The pheno.descr files are different from what Karl used as dictionary, so will have to construct that manually. Phenotypes follow covariates in the mouse by trait tables, and the Mouse.ID is DO-nnn, as apposed to nn and nnn in Karl's work.
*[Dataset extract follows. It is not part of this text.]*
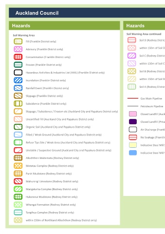 Auckland Council Hazards Soil Warning Area Fill (Franklin District only) Advisory (Franklin District only) Contamination (Franklin District only) Erosion (Franklin District only) Hazardous Activities & Industries List (HAIL) (Franklin District only) Inundation (Franklin District only) Rainfall Event (Franklin District only) Slippage (Franklin District only) Subsidence (Franklin District only) Slippage / Subsidence / Erosion etc (Auckland City and Papakur

All fixable but will take careful examination.

liverz <- readRDS(file.path(datapath, "molecule", 
                            "attie_liver_lipids_zscore_normalized.rds"))
metabz <- readRDS(file.path(datapath, "molecule",
                            "attie_liver_metabolites_zscore_normalized.rds"))
plasmaz <- readRDS(file.path(datapath, "molecule",
                            "attie_plasma_lipids_zscore_normalized.rds"))
cecumz <- readRDS(file.path(datapath, "molecule",
                            "attie_cecum_lipids_zscore_normalized.rds"))
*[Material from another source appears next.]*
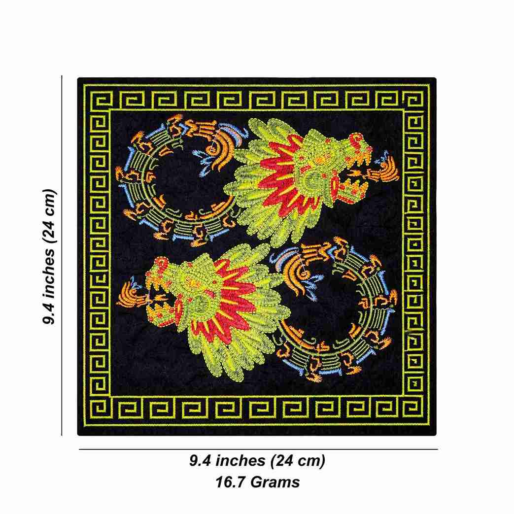 Enhance your fashion style with a Mayan Style Dragon Artwork. The patch is made with high-premium-quality thread embroidery for a realistic look, and the textured detailing is highly intricate. This hot-fix patch is easy to apply to clothing.

Check agreement on covariates

covar <- readRDS(file.path(datapath, "covar.rds"))
if(!("DOwave" %in% colnames(covar))) {
  covar <- cbind(covar, DOwave = 1 + covar[,"DOwave2"] + 2 * covar[,"DOwave3"] +
    3 * covar[,"DOwave4"] + 4 * covar[,"DOwave5"])
}

Check sex.

sexl <- liverz$sex
names(sexl) <- as.numeric(str_replace(liverz$Mouse.ID, "DO-", ""))
tmp <- qtl2scan::get_common_ids(covar, sexl)
table(covar[tmp, "sex"], sexl[tmp])

check wave and generation

wave <- liverz$wave
names(wave) <- as.numeric(str_replace(liverz$Mouse.ID, "DO-", ""))
tmp <- qtl2scan::get_common_ids(covar, wave)
table(covar[tmp, "DOwave"], wave[tmp])
gen <- liverz$generation
names(gen) <- as.numeric(str_replace(liverz$Mouse.ID, "DO-", ""))
tmp <- qtl2scan::get_common_ids(covar, gen)
table(covar[tmp, "DOwave"], gen[tmp])
table(covar[,"DOwave"])
table(liverz$generation)
tmp2 <- covar[tmp, "DOwave"] < 3 & gen[tmp] == 19
tmp2 <- names(tmp2[tmp2])
covar[tmp2,]
liverz %>%
  filter(as.numeric(str_replace(Mouse.ID, "DO-", "")) %in% tmp2) %>%
  select(1:11)

Pull out relevant phenotypes and covariates and analyses stuff.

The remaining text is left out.